10 thoughts on “Vintage Microammeter Now Tells Temperature

  1. wait, this is a pure linear circuit? no code? no downloading to it? no clock or crystal?

    uhm. I don’t get it.


    nice job. love the old meter movements, as well.

  2. Excellent Extrapolation and Definition!
    I can not stress the the fact of how cleanly and straightforward this was presented.

    May I add an idea to this? Since it was mentioned @around 6:30. Concerning the reference voltage / V1, About the divider resistor “temptation”.

    Would a micro voltage joule thief provide the minimum 3.3v until the batteries are completely dead? I don’t know how long the batteries would last pertaining the drain level if common 3 AA are used.

    I guess the big deal is how much space is available to integrate a JT, OR even building in a battery recharge that would be isolated if the device is off.

    There is an entire subculture regarding building Joule Thief and lighting LEDs. The biggest and only issue I see from them is battery leakage.

    @14:00 “10 years is good enough for me”. Forget everything I just said. I don’t think standard Alky batteries can even be stored that well. Damn, I am really impressed though, doing the math and showing and explaining the working. A++

    BTW [Craig] the analogzoo com/2015/01/building-the-widlar-hassler/ seems really awesome. If we could pair this with a ESP and connection to Wolfram. That would be epic.

  3. I’ll be the person that hates this hack because it destroys an older piece of equipment that is still useful…

    an analog uA meter is useful if you want to see trending, or pulsating values. Something digital readouts suck at. And it’s a uA meter, so it’s very sensitive which makes it useful in a lot of ways.

    A tear is shed. – R.I.P.

    1. It uses the meter to display micro-amps, so it’s functional parts are all still necessarily in working order. Perhaps he’s made a hole in the case or something, if he’s lazy. But he hasn’t destroyed it. He’s given it a new life where it’s beauty can be seen in public, doing useful work! A grand retirement for an old measuring tool.

      With the right choice of components, it might be possible to make a version of this run indoors off a solar cell. Then it’d be a permanent and lovely thermometer, even better.

  4. You know, I hate to be that guy who feels he has to chime in with a suggestion on something that someone did that works and they’re proud of (and rightfully so)… but I gotta do it.

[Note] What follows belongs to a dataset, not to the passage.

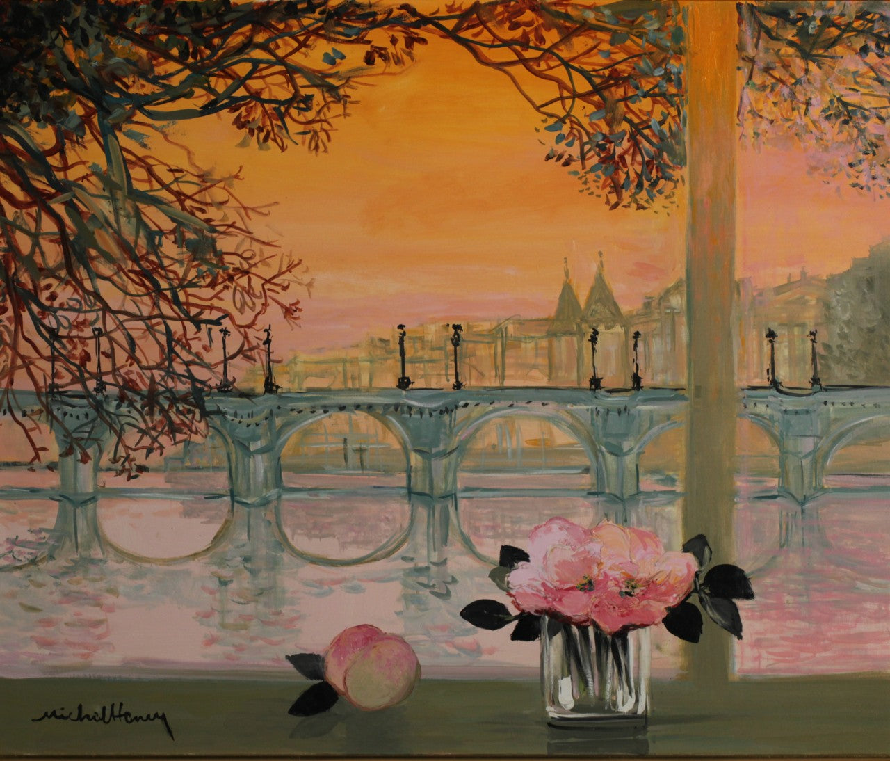 米歇尔·亨利《新桥上的玫瑰与李子》油画,尺寸 20

    Instead of 3 batteries, have you considered using a single one and a boost converter to get a regulated supply voltage? It’s a particularly attractive solution in this case because the current draw is so low.

    I had a very similar need for my Crazy Clock. Existing solutions taped a pair of AA batteries on the back of the clock so that they could run at 3 volts, but I wanted to re-use the single AA battery holder that was already there. The NCP1402 (though you could also use an NCP1400A since the current is so low) not only allows a single battery to power the system at 3.3 volts, but it also allows the clock to keep running all the way down to around half a volt or so – using up more of the battery before quitting.

    SparkFun sells a breakout board for the NCP1402 if you don’t want to do the SMT thing yourself.